# Data under study:

^^^^^^^^

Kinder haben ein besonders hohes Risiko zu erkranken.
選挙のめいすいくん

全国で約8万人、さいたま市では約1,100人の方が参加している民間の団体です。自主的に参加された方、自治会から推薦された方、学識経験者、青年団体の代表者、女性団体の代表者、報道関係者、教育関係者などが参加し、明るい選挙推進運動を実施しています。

^^^^^^^^

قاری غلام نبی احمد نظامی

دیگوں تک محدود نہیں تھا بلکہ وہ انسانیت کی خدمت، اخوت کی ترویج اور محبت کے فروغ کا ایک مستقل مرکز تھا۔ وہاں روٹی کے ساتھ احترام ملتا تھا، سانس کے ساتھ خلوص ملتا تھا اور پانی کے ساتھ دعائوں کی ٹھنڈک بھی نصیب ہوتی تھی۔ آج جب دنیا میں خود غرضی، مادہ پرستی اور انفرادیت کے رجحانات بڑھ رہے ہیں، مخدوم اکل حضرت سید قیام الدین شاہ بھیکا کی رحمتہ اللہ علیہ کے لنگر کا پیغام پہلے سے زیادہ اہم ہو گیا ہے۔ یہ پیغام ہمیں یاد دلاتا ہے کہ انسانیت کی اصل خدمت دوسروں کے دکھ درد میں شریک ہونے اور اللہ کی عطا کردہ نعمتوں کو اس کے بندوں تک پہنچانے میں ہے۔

^^^^^^^^

# What you will do:
From the records above, copy only the lines starting with the line that holds "Kinder haben ein" and going on through the line that holds "全国で約8万人、さいたま市で", exactly as written.

# Task output:
Kinder haben ein besonders hohes Risiko zu erkranken.
選挙のめいすいくん

全国で約8万人、さいたま市では約1,100人の方が参加している民間の団体です。自主的に参加された方、自治会から推薦された方、学識経験者、青年団体の代表者、女性団体の代表者、報道関係者、教育関係者などが参加し、明るい選挙推進運動を実施しています。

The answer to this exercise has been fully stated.